**Work to be completed:**
Word for word, retype the lines from the one containing "项目均价4.45万,户型面积" to the one containing "Latte everyday inscribed" below, keeping both end lines and dropping the pictures.

(Items listed in a dataset)
_ _ _ _ _
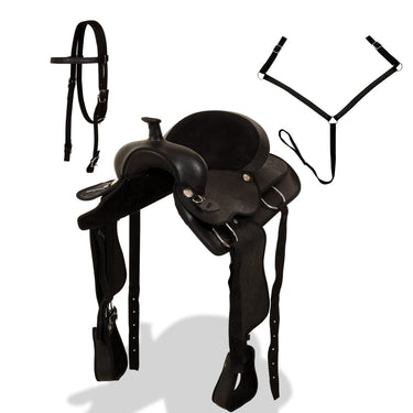 Selle, bridon et col de poitrine Cuir véritable 16 po Noir
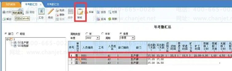 6、确认年考勤数据无误后,点“审核”,审核后,数据变成灰色,无法修改、批改来调整数据
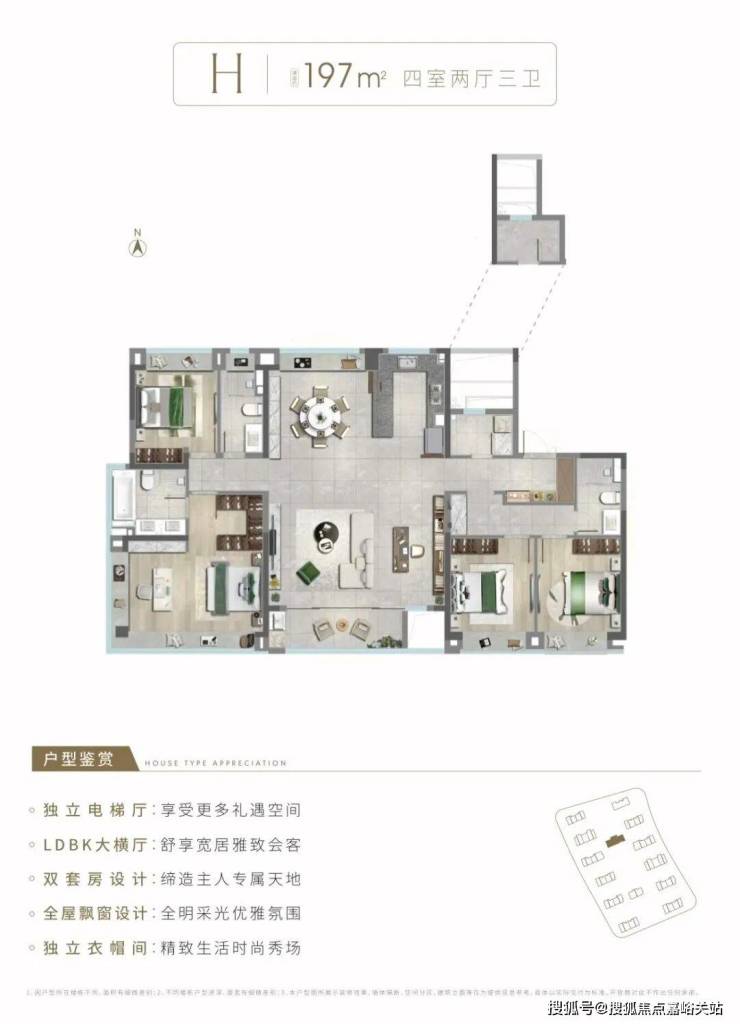 项目均价4.45万,户型面积覆盖103-197㎡的3-4房,总价在400-1000万之间。
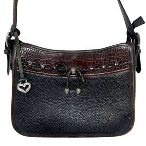 Vintage 90s Brighton Leather Hardshell Bag Reptile Heart Shoulder Purse Black Brown
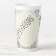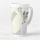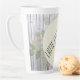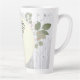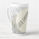 Latte everyday inscribed on a silver wood panel backdrop to create a rustic vibe with a tan sphere with a leaf and floral wreath with the wording inside the sphere.
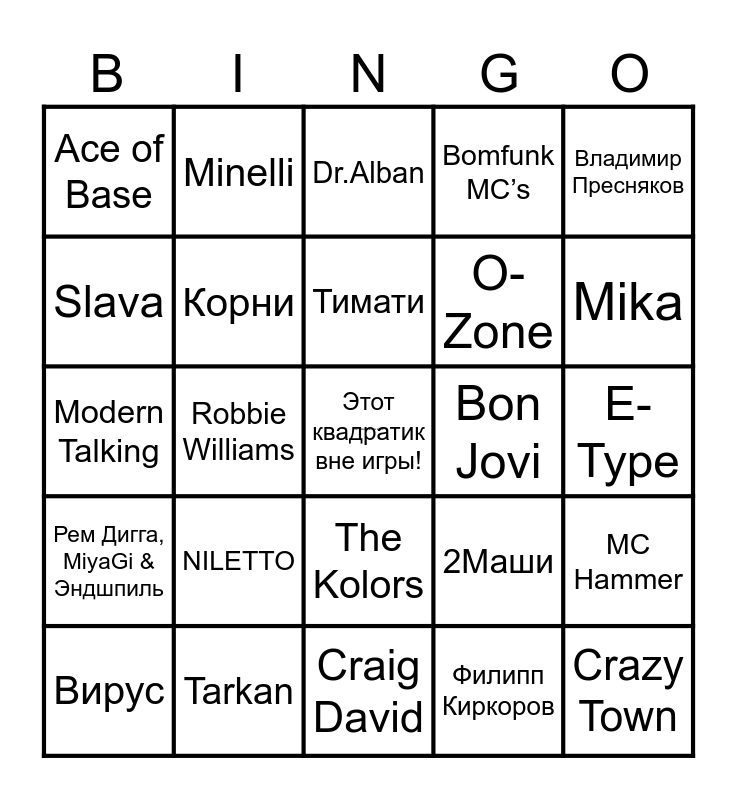 This bingo card has a free space and 24 words: NILETTO, Tarkan, Тимати, Вирус, Владимир Пресняков, Ace of Base, Slava, Minelli, Bon Jovi, The Kolors, O-Zone, Modern Talking, 2Маши, MC Hammer, Корни, Филипп Киркоров, E-Type, Dr.Alban, Mika, Robbie Williams, Crazy Town, Рем Дигга, MiyaGi & Эндшпиль, Bomfunk MC’s and Craig David.
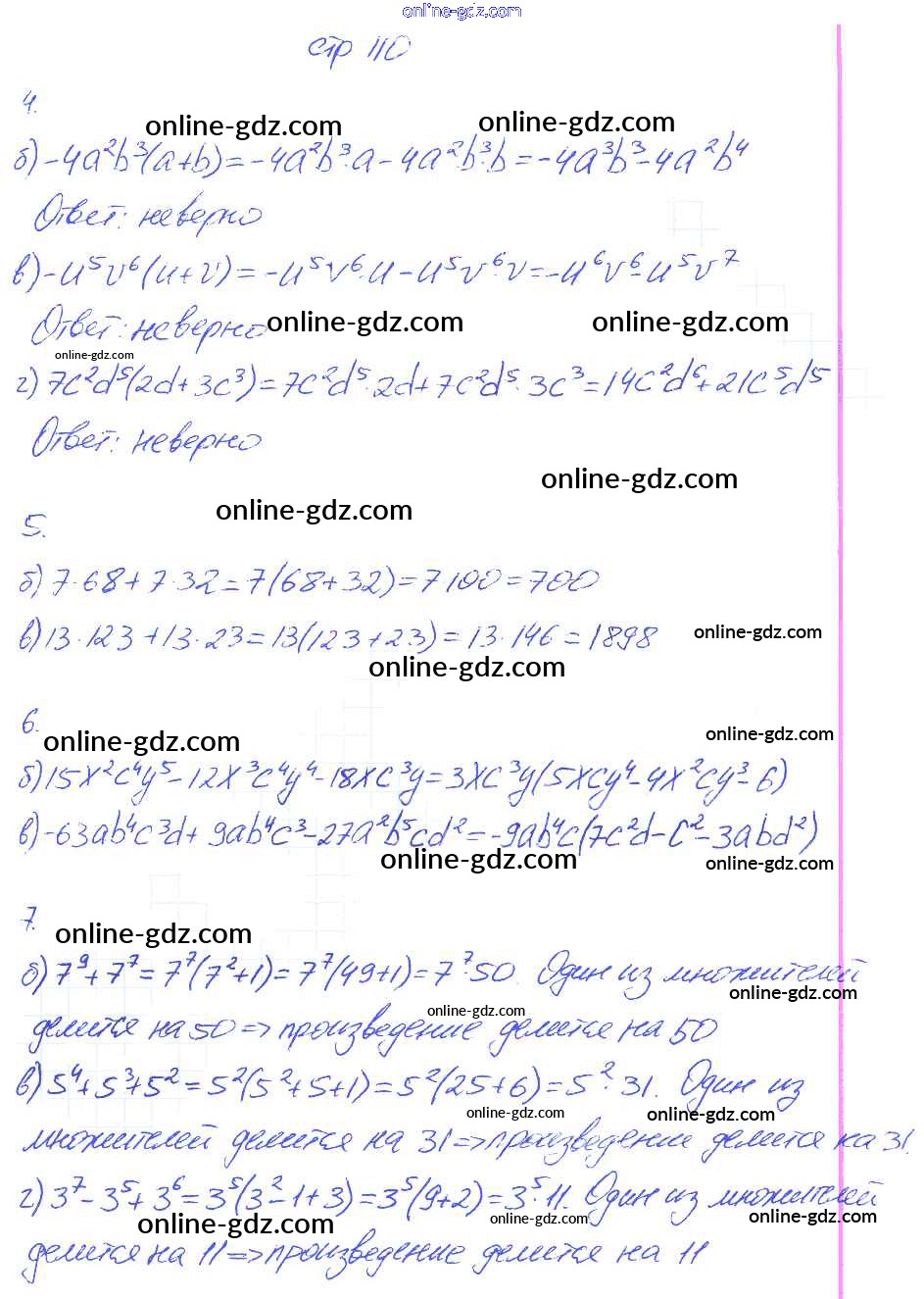 Готовые домашние задания по Алгебре за 7 класс Рабочая тетрадь Ключникова, Комиссарова УМК 2013 - Страницы 110
_ _ _ _ _
**Reply:**
 项目均价4.45万,户型面积覆盖103-197㎡的3-4房,总价在400-1000万之间。
 Vintage 90s Brighton Leather Hardshell Bag Reptile Heart Shoulder Purse Black Brown
 Latte everyday inscribed on a silver wood panel backdrop to create a rustic vibe with a tan sphere with a leaf and floral wreath with the wording inside the sphere.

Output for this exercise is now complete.